A Food and Drug Administration (FDA) não regulamenta os monitores de sono porque eles são dispositivos de baixo risco que só fazem afirmações gerais sobre como melhorar a saúde e o bem-estar, em vez de diagnosticar ou tratar condições específicas.

Adormecer, à moda antiga

Especialistas em saúde dizem que dormir o bastante de maneira regular é crucial: pode ajudá-lo a pensar com clareza, evitar resfriados e outras doenças e a manter um peso saudável, entre outros benefícios. A insônia crônica tem sido associada a um aumento do risco de morte prematura, ataques cardíacos e desenvolvimento de hipertensão, diabetes tipo 2, depressão e ansiedade.

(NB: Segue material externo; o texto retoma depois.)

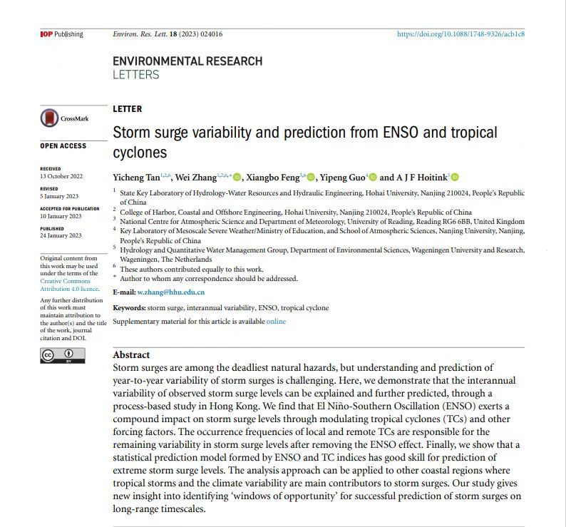 近日,SEX8 张蔚教授和英国雷丁大学冯向波研究员以及荷兰瓦格宁根大学Hoitink教授联合指导的2020级博士研究生谭易成在国际权威学术期刊ERL(Environmental Research Letters)(JCR一区,影响因子6.94)上发表了题为“Storm surge variability and prediction from ENSO and tropical cyclones”的学术论文。该研究成果得到了国家重点研发计划“粤港澳大湾区衍生复合灾害评估与应急避险关键技术”的资助,是张蔚教授研究团队近3年来在河口海岸防洪减灾方向发表的又一重要学术进展,为后续展开海陆交互“多碰头”情况下复合洪水灾害研究提供了基础。

Embora as necessidades de sono variem de pessoa para pessoa, a Fundação Nacional do Sono recomenda que os adultos até os 64 anos consigam dormir de sete a nove horas por noite; os mais jovens precisam de muito mais.

Khosla disse que ela já viu pacientes com rastreadores negligenciando os fundamentos da "higiene do sono", como seguir um cronograma regular e evitar telas antes de dormir.

"As pessoas gastam US$ 200 por algum dispositivo para dormir, mas não estão dispostas a desligar os celulares e ir para a cama", disse ela.

Os monitores do sono têm um antecessor de baixa tecnologia: os diários do sono. Ambos podem ser úteis para reduzir a ansiedade, reduzindo o "pensamento catastrófico", como a noção de que o dia definitivamente será arruinado se você estiver apenas dormindo, digamos, seis horas. Khosla disse que aconselhou os pacientes a abandonarem a noção irrealista de que devem lutar pelo sono "perfeito".

Hawley Montgomery-Downs, professora de psicologia na Universidade de West Virginia que pesquisou as limitações dos dispositivos de monitoramento do sono, acredita que a melhor maneira de avaliar a quantidade e a qualidade do seu sono é baseada em como o seu corpo se sente.

Ela recomendou evitar monitores de sono por completo. O conselho dela? Encontre uma semana em que você não precisa acordar em um determinado horário -nas férias, talvez-- e desligue o alarme. Você dormirá muito no começo, mas dentro de alguns dias, ela disse, seu corpo se ajustará e lhe dirá quando ir para a cama e acordar, e quanto sono noturno você realmente precisa.

"Confie nisso", ela disse, "em vez do aparelho".